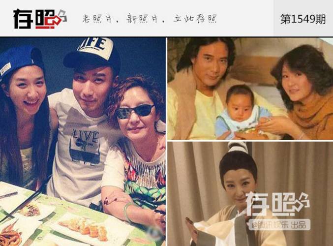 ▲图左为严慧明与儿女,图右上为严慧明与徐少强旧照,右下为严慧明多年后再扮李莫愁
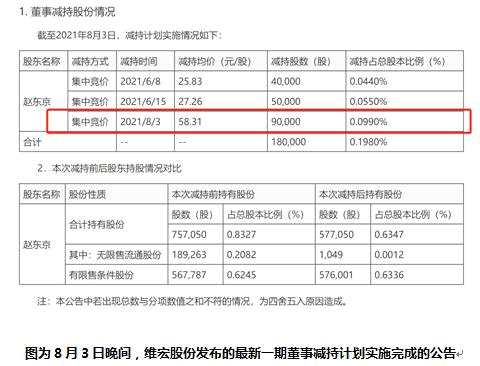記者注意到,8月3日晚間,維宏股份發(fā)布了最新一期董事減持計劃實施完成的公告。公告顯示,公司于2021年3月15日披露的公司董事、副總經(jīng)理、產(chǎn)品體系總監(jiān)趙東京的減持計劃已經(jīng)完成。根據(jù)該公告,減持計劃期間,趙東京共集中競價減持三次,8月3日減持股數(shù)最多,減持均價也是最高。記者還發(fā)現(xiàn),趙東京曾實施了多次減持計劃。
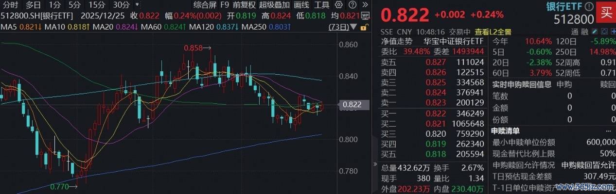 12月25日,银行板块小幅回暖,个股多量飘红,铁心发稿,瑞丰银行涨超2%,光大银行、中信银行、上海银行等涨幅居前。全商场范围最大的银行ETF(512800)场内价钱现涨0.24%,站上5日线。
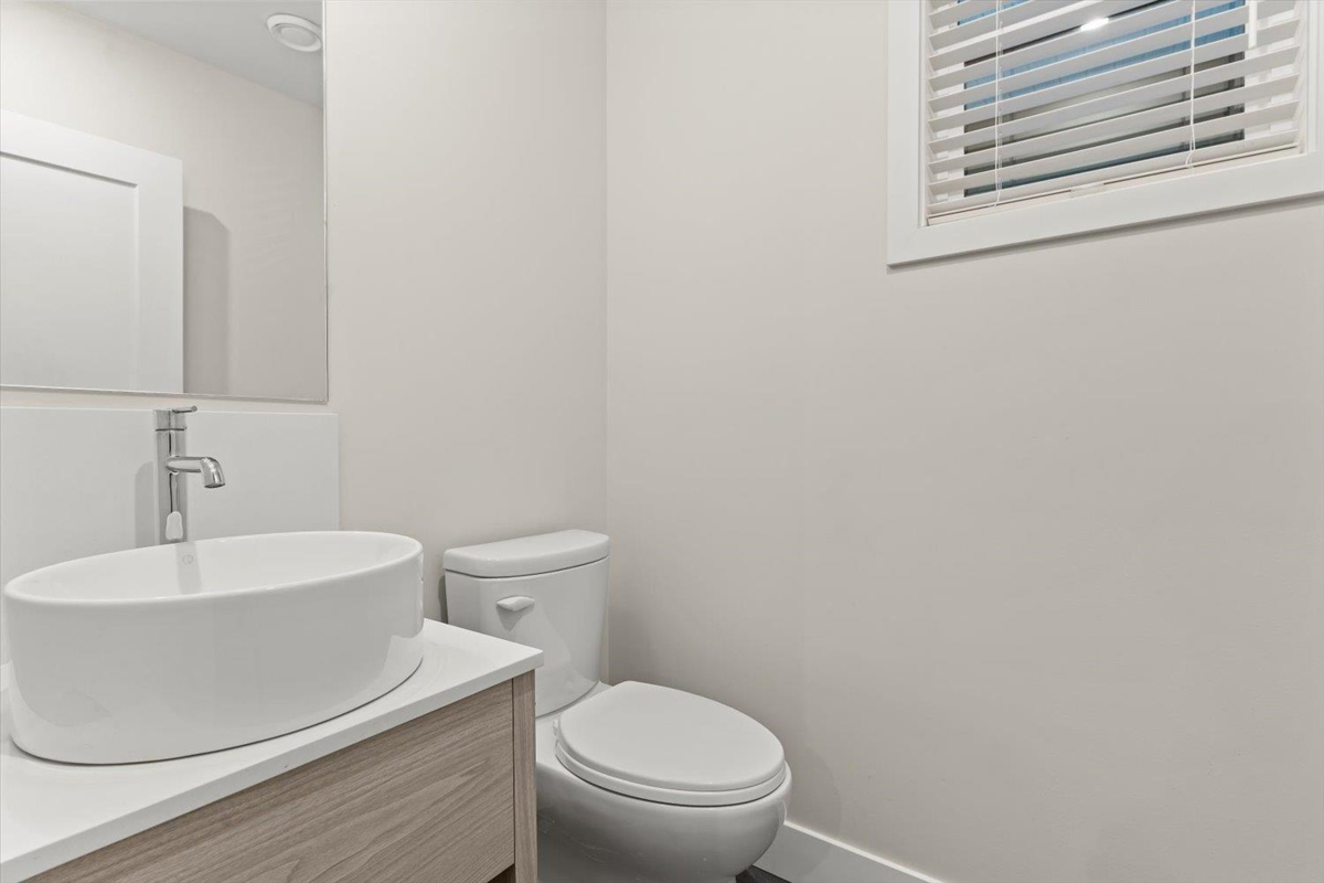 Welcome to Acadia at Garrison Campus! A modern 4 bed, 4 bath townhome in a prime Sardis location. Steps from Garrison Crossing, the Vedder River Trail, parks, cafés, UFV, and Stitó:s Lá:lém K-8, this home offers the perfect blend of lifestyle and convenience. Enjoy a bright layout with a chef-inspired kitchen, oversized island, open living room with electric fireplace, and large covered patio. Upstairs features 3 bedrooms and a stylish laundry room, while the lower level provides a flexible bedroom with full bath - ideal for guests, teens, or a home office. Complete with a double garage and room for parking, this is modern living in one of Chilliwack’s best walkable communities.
_ _ _ _ _ _ _
Exact transcription of the full listing above is required; images do not belong in it.

 ▲图左为严慧明与儿女,图右上为严慧明与徐少强旧照,右下为严慧明多年后再扮李莫愁
記者注意到,8月3日晚間,維宏股份發(fā)布了最新一期董事減持計劃實施完成的公告。公告顯示,公司于2021年3月15日披露的公司董事、副總經(jīng)理、產(chǎn)品體系總監(jiān)趙東京的減持計劃已經(jīng)完成。根據(jù)該公告,減持計劃期間,趙東京共集中競價減持三次,8月3日減持股數(shù)最多,減持均價也是最高。記者還發(fā)現(xiàn),趙東京曾實施了多次減持計劃。
 12月25日,银行板块小幅回暖,个股多量飘红,铁心发稿,瑞丰银行涨超2%,光大银行、中信银行、上海银行等涨幅居前。全商场范围最大的银行ETF(512800)场内价钱现涨0.24%,站上5日线。
 Welcome to Acadia at Garrison Campus! A modern 4 bed, 4 bath townhome in a prime Sardis location. Steps from Garrison Crossing, the Vedder River Trail, parks, cafés, UFV, and Stitó:s Lá:lém K-8, this home offers the perfect blend of lifestyle and convenience. Enjoy a bright layout with a chef-inspired kitchen, oversized island, open living room with electric fireplace, and large covered patio. Upstairs features 3 bedrooms and a stylish laundry room, while the lower level provides a flexible bedroom with full bath - ideal for guests, teens, or a home office. Complete with a double garage and room for parking, this is modern living in one of Chilliwack’s best walkable communities.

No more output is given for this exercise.